Rajaraman Sivaramakrishnan, Zamzmi Ghada, Folio Les R, Antani Sameer
Computational Health Research Branch, National Library of Medicine, National Institutes of Health, Bethesda, MD, United States.
Moffitt Cancer Center, Tampa, FL, United States.
Front Genet. 2022 Feb 24;13:864724. doi: 10.3389/fgene.2022.864724. eCollection 2022.
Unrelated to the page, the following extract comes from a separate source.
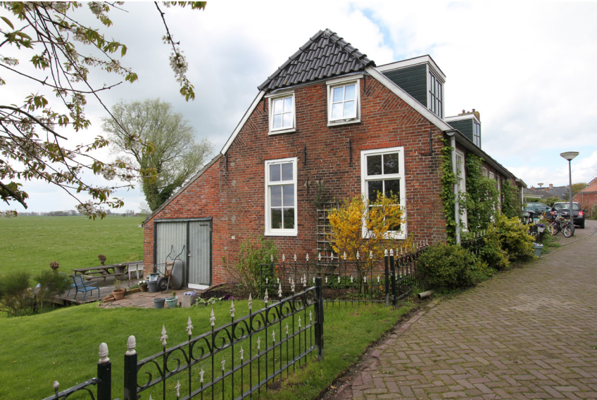
Woningen in Adorp met een versleepte kap

Research on detecting Tuberculosis (TB) findings on chest radiographs (or Chest X-rays: CXR) using convolutional neural networks (CNNs) has demonstrated superior performance due to the emergence of publicly available, large-scale datasets with expert annotations and availability of scalable computational resources. However, these studies use only the frontal CXR projections, i.e., the posterior-anterior (PA), and the anterior-posterior (AP) views for analysis and decision-making. Lateral CXRs which are heretofore not studied help detect clinically suspected pulmonary TB, particularly in children. Further, Vision Transformers (ViTs) with built-in self-attention mechanisms have recently emerged as a viable alternative to the traditional CNNs. Although ViTs demonstrated notable performance in several medical image analysis tasks, potential limitations exist in terms of performance and computational efficiency, between the CNN and ViT models, necessitating a comprehensive analysis to select appropriate models for the problem under study. This study aims to detect TB-consistent findings in lateral CXRs by constructing an ensemble of the CNN and ViT models. Several models are trained on lateral CXR data extracted from two large public collections to transfer modality-specific knowledge and fine-tune them for detecting findings consistent with TB. We observed that the weighted averaging ensemble of the predictions of CNN and ViT models using the optimal weights computed with the Sequential Least-Squares Quadratic Programming method delivered significantly superior performance (MCC: 0.8136, 95% confidence intervals (CI): 0.7394, 0.8878, < 0.05) compared to the individual models and other ensembles. We also interpreted the decisions of CNN and ViT models using class-selective relevance maps and attention maps, respectively, and combined them to highlight the discriminative image regions contributing to the final output. We observed that (i) the model accuracy is not related to disease region of interest (ROI) localization and (ii) the bitwise-AND of the heatmaps of the top-2-performing models delivered significantly superior ROI localization performance in terms of mean average precision [mAP@(0.1 0.6) = 0.1820, 95% CI: 0.0771,0.2869, < 0.05], compared to other individual models and ensembles. The code is available at https://github.com/sivaramakrishnan-rajaraman/Ensemble-of-CNN-and-ViT-for-TB-detection-in-lateral-CXR.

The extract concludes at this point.